Development of a Composite Endpoint for Randomized Controlled Trials in Pancreaticoduodenectomy

World Journal of Surgery > Ausgabe 6/2014
Marielle M. E. Coolsen, Stefan H. E. M. Clermonts, Ronald M. van Dam, Bjorn Winkens, Massimo Malagó, Giuseppe K. Fusai, Cornelis H. C. Dejong, Steven W. M. Olde Damink
Wichtige Hinweise

Electronic supplementary material

The online version of this article (doi:10.​1007/​s00268-013-2421-y) contains supplementary material, which is available to authorized users.
Presented to the Tenth Congress of the European-African Hepatopancreatobiliary Association, Belgrade, Serbia, May 2013.



Few randomized controlled trials (RCTs) have been performed in patients undergoing pancreaticoduodenectomy (PD). An important factor contributing to this is the large number of patients needed to adequately power RCTs for relevant clinical single endpoints. A PD-specific composite endpoint (CEP) could solve this problem. The aim of the present study was to develop a PD-specific CEP, consisting of complications related to PD, allowing reduction in sample sizes and improving the ability to compare outcomes.


PD-specific CEP components were selected after a systematic review of the literature and consensus between 25 international pancreatic surgeons. Ultimately, prospective cohorts of patients who underwent PD in two high-volume HPB centers (London, UK, and Maastricht, NL) were used to assess the event rate and effect of implementing a PD-specific CEP.
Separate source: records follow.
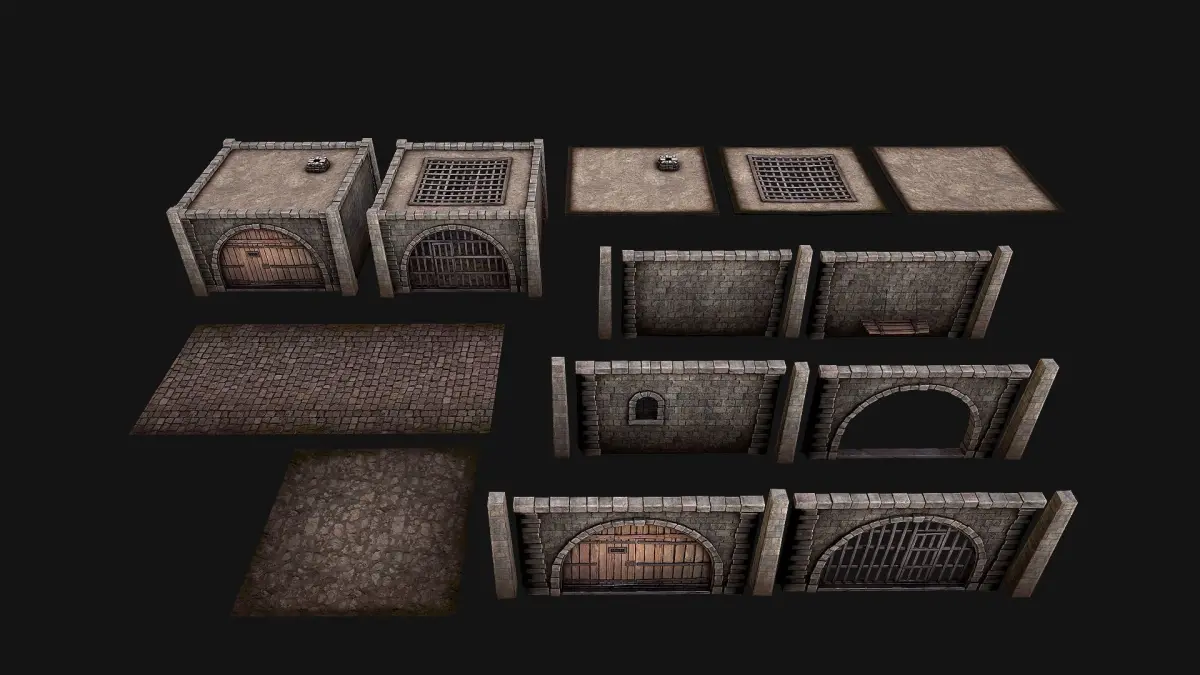 Game ready Constructor .Constructor's set to create a Prison. The set consists of 17 unique meshes for assembly, which includes the following models: prison bed, 2 walls, wall with window, wall with archway, wall with prison bars, wall with wooden entrance, steel door, wooden door, column,roof, grate roof, ventilation pipe roof, 2 prison Structures,stone prison floor,stone paving. The model contains lods, detailed information on the images.Stylized and detailed models fully textured, sculpted and rendered with Physical based rendering (PBR) - Shown images have been rendered in Marmoset Toolbag .Also, the model has a removable roof and if you wish, you can use it without a roof. The kit contains a video instruction for assembling the constructor.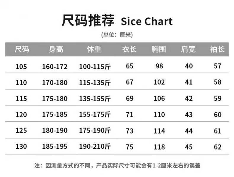China (cm) 165 / 88-90 170 / 96-98 175 / 108-110 180 / 118-122 185 / 126-130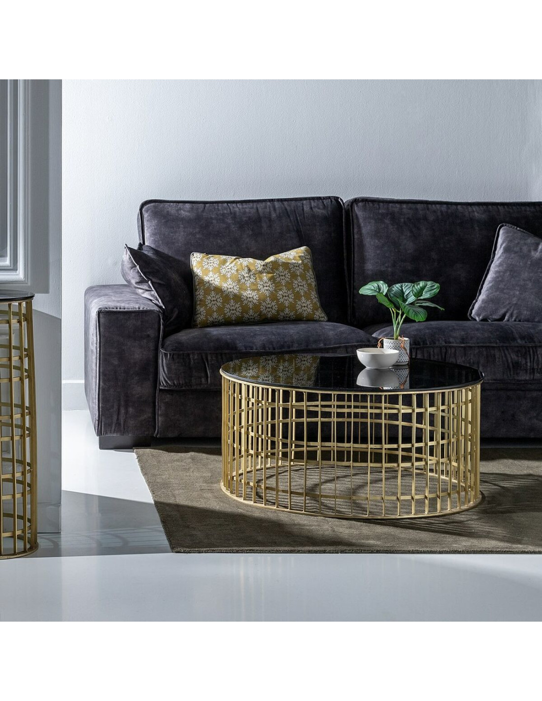 Table basse moderne Ronde en Métal Doré Verre Noir Telisra - 1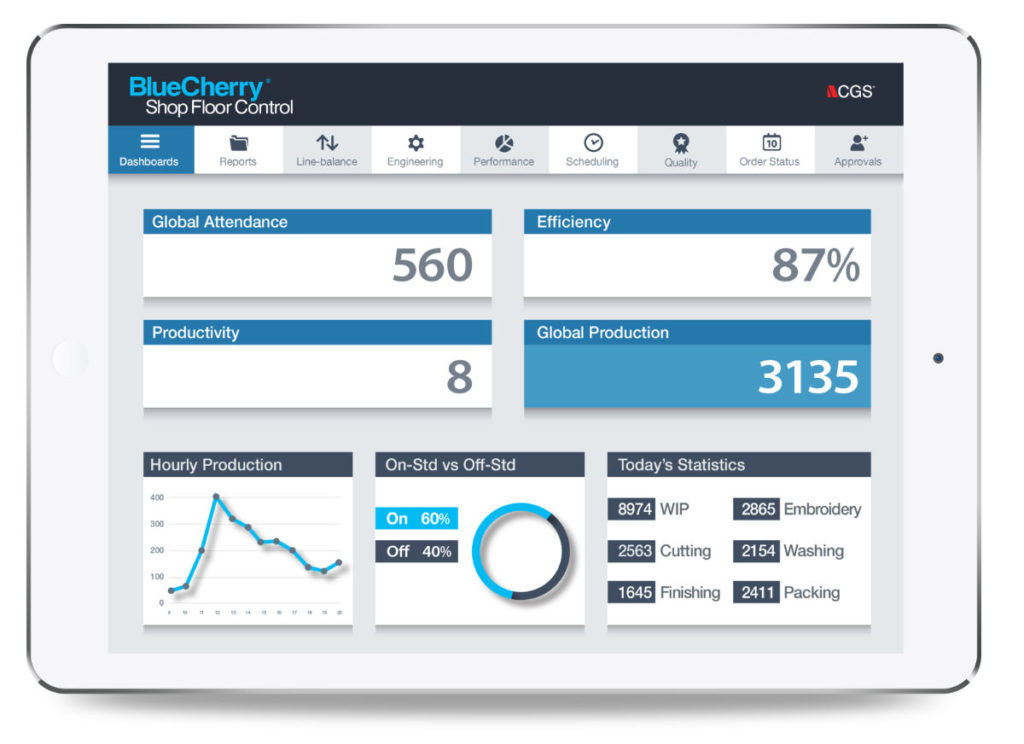 SFC is part of the smart factory, integrated with digital sewing systems and other connected manufacturing equipment. For example, CGS has partnered with sewing machine supplier Juki to integrate BlueCherry® Shop Floor Control technology with Juki smart sewing workstations.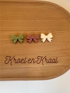 Onze strikjes zijn er in alle kleuren van de regenboog 🌈 – van zachte pastel tot knallende felle tinten. Daarnaast zijn er zelfs mogelijkheden voor metallic varianten en leuke printjes, zodat je jouw speenkoord, sleutelhanger of badgehouder echt helemaal naar wens kunt laten samenstellen
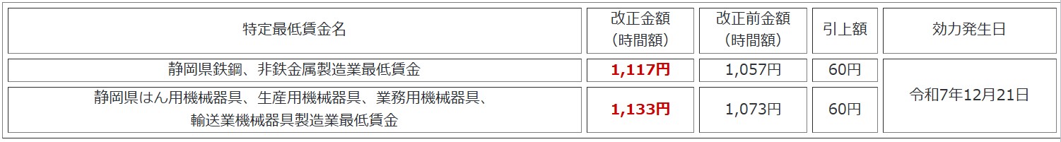 特定最低賃金とは、地域別最低賃金(静岡県では1,097円 11月1日から適用)よりも高い最低賃金が必要と認められた業種について設定されている最低賃金です。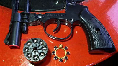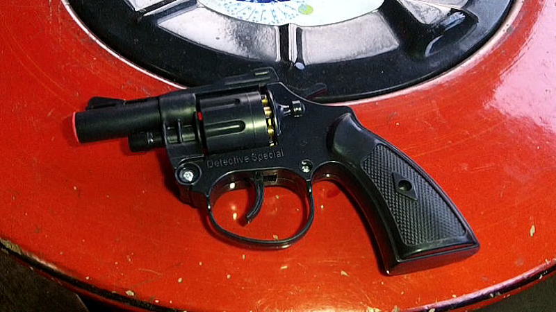 我が家・玄関 薪ストーブ・脇 春夏秋・サイドテーブル、冬・煉炭火鉢 こんなモノ、無造作に置いてます オモチャ = 百均 = 火薬で大きな音 ⇒ クマ 追い払い用 本日は、尾崎集落・早朝作業 開始前 コレで、 集落回りの クマ追い払いを実施 軽トラ乗ったまま、運転席で撃つ=安全 爆竹と違って、アトにゴミが残らない 山火事の恐れもない ただし、 しょせんは 「百均」 すぐ壊れます 使い捨て ・・・ の気持 ・・・ お忘れなく。

From a total of 18 single-component endpoints, intra-abdominal abscess, sepsis, post-PD hemorrhage, bile leakage, gastrojejunostomy leakage, leakage of the pancreatic anastomosis, delayed gastric emptying, and operative mortality within 90 days were selected to be included the PD-specific CEP. All eight components had consensus definitions and a Dindo–Clavien classification of 3 or more. The incidence of the PD-specific CEP was 24.7 % in the Maastricht cohort and 23.3 % in the London cohort. These incidence rates led to a twofold reduction in the theoretical calculated sample size for an adequately powered RCT on PD using this CEP as a primary endpoint.


The proposed PD-specific CEP enables clinical investigators to adequately power RCTs on PD and increases the feasibility, comparability, and utility in meta-analysis.